In particular, I cannot access the parent directory, and one of 
the branches is protected, too.

Maybe you remember me describing that problem on IRC a few weeks ago: yes, 
it is still persistent.

Now, I thought that I know my way around Perl, at least a little bit, but 
while git-svn barfed on the repository, I... uhm, well, you probably get 
the idea.

The funny part is this: when I say "git svn clone $URL/trunk", or the same 
with the absolute paths to the single tags, instead of "git svn clone -s 
$URL", git-svn does the correct thing.  It works, importing the stuff as 
"git-svn".

So I tried to just edit out by hand the branches section, so that the 
password-protected branch would not be a problem.

The result was surprising: git svn fetch exited with success, but it 
did... absolutely nothing.

After a lot of frustrating hours, which were not at all helped by 
brilliant variable names such as "r" and "gsv", I now know this: the log 
contains paths that do not have a prefix "trunk", but "<dir>/trunk", 
where "<dir>" is the last directory of the URL.

Changing git-svn's URL to the parent of <dir> is a no-go, since that is -- 
as I mentioned above -- password protected.

Yes, in a perfect world I could just force the admin to change that, but 
no, this is not a perfect world, so do not even try to suggest that if 
you want to help.

Changing the fetch line to "<dir>/trunk:refs/remotes/trunk" does not work 
either, since git-svn cleverly checks $URL/<dir>/<dir>/trunk/.

I then tried to hack match_globs() and match_paths() to add that extra 
prefix to the patterns, so that that extra prefix + trunk would be 
matched and edited out.  This happened to work out alright.
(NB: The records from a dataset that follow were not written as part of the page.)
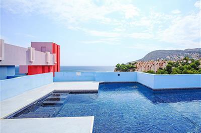 4,6"Calpe Beach II", 3-Zimmer-Wohnung 149 m2 im 6. Stock. Geräumig und hell, schön und modern eingerichtet: offenes grosses Wohn-/Esszimmer mit Panoramafenster mit Digital-TV, Klimaanlage und Warmluftheizung. Ausgang zur Terrasse. 1 Zimmer mit 1 franz. Bett (1 x
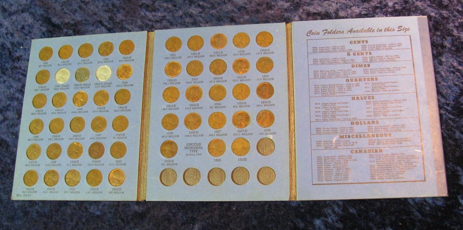 115. 1941-59 Partial Lincoln Cent Set in a Whitman folder. (53 coins)
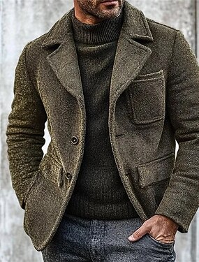 Homens Casaco exterior Casaco de lã Formal Casa Manter Quente Bolsos Outono Inverno Côr Sólida Ativo Neutra Colarinho de Camisa Padrão Preto Verde cáqui Azul Escuro Cinzento Casaco
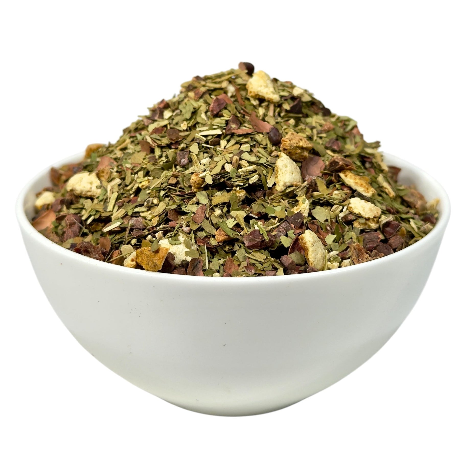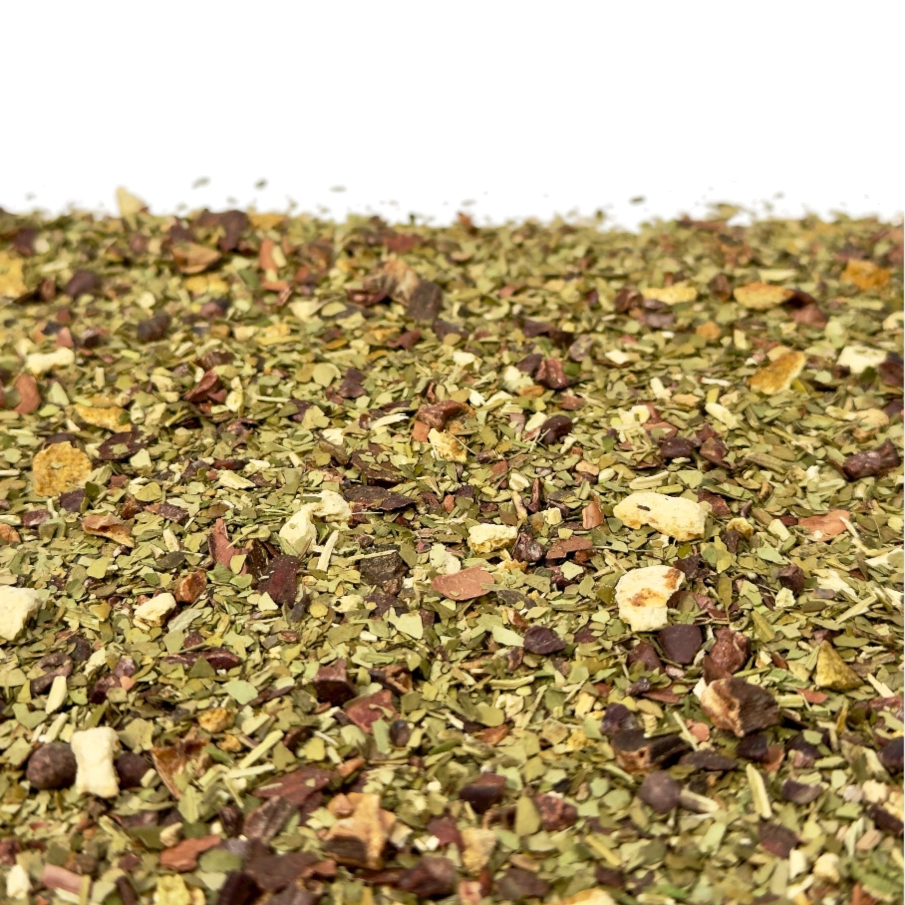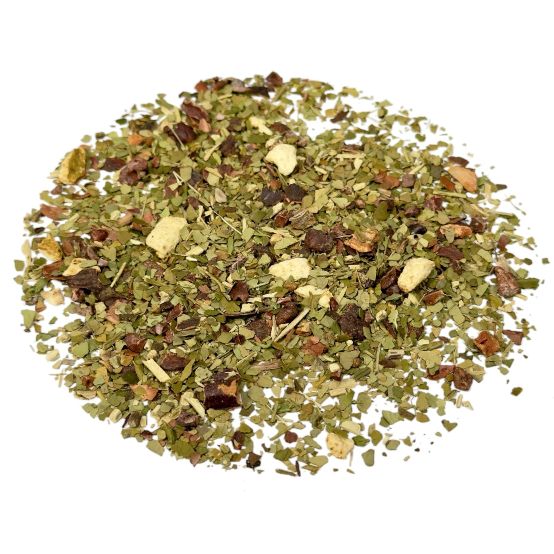 Zutaten: Grüne Mate (43 %), Kakaokerne (17 %), Johannisbrotstücke, Kakaoschalen (9 %), Zitrusschalen, Aroma, Steviablätter

But I tried for several hours to get in a proper solution which does not 
throw up on the tags, and I have to conclude that this piece of code is 
not hackable by anybody else but you.

So I stand defeated by your program.  Thank you.

My ugly, ugly workaround that is however easy, easy, is a shell script 
that uses curl to find out what refs are new, and clones each ref 
individually, then pushes all the results together into one repository.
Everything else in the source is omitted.